A case of cord capillary hemangioma of the spleen: a recently proven true neoplasm

Abstract

Cord capillary hemangioma (CCH) of the spleen is an extremely rare lesion. Once classified under splenic hamartoma, CCH is now differentiated from hamartoma, as its clonality has recently been proven. Herein, we present the case of an incidentally found CCH, measuring 6 × 5.5 × 5 cm, in a 45-year-old man. He underwent splenectomy and has been recurrence-free for 8 years. Macroscopically, the cut surface of the mass showed a central stellate scar with peripheral interspersed reddish areas of variable sizes and intervening fibrous bands. Microscopically, the mass was well demarcated from the splenic tissue. The macroscopic reddish areas were found to correspond to nodules of various sizes, which were predominantly composed of CD34-expressing capillaries without the presence of CD8-expressing sinuses.

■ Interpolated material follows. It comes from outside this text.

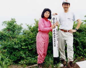 男峰30分、女峰20分の標識が有り、小井波と松瀬へも通じる交差点でも有る。岩と岩との間を潜ったり3ヶ所のトラ縄が張ってある急な所を登ると展望台に出る。そこから3分程で男峰の頂上に着く。もう終わりがけのレンゲツツジが咲いていた。何時もは結構展望がいいのだが、今日は、モヤが経ち込めているため、祖父岳と戸田峰が薄っすら見えるだけの寂しい山頂の人となった。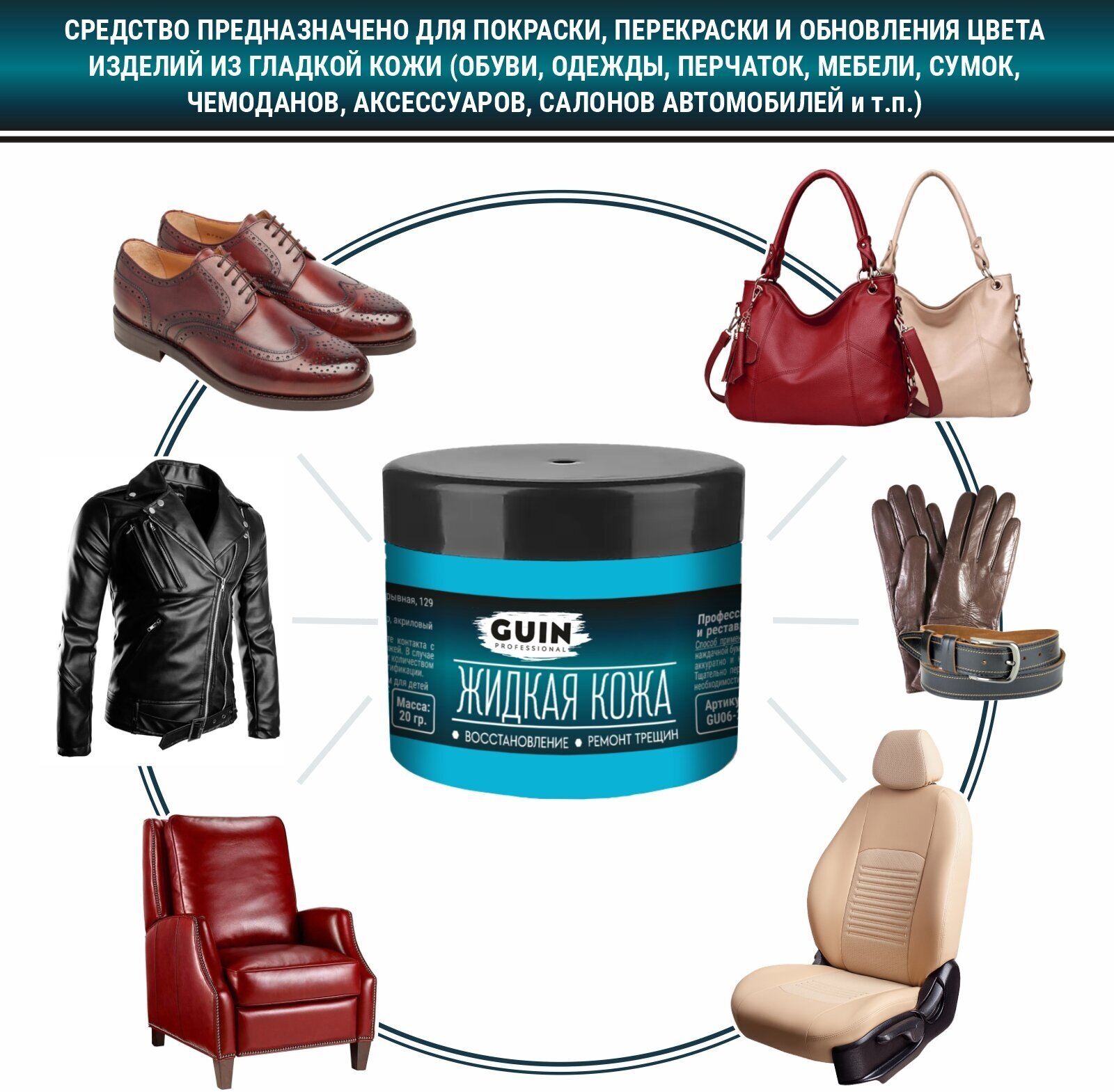 Жидкая кожа GUIN 20 гр Чёрный, восстановитель для ремонта обуви, сумок, авто, мебели, кожаных изделий, крем-краситель

The relative proportion of these two types of vessels distinguishes CCH from sclerosing angiomatoid nodular transformation (SANT), as SANT shows the apparent presence of CD8-expressing sinuses. In longstanding cases of SANT, sinuses might become ambiguous and the differences between CCH and SANT might become subtle. Nonetheless, immunohistochemistry should be performed when these conditions are suspected, since accurate distinction is usually achieved as a result.

Keywords: cord capillary hemangioma; hamartoma; sclerosing angiomatoid nodular transformation; spleen.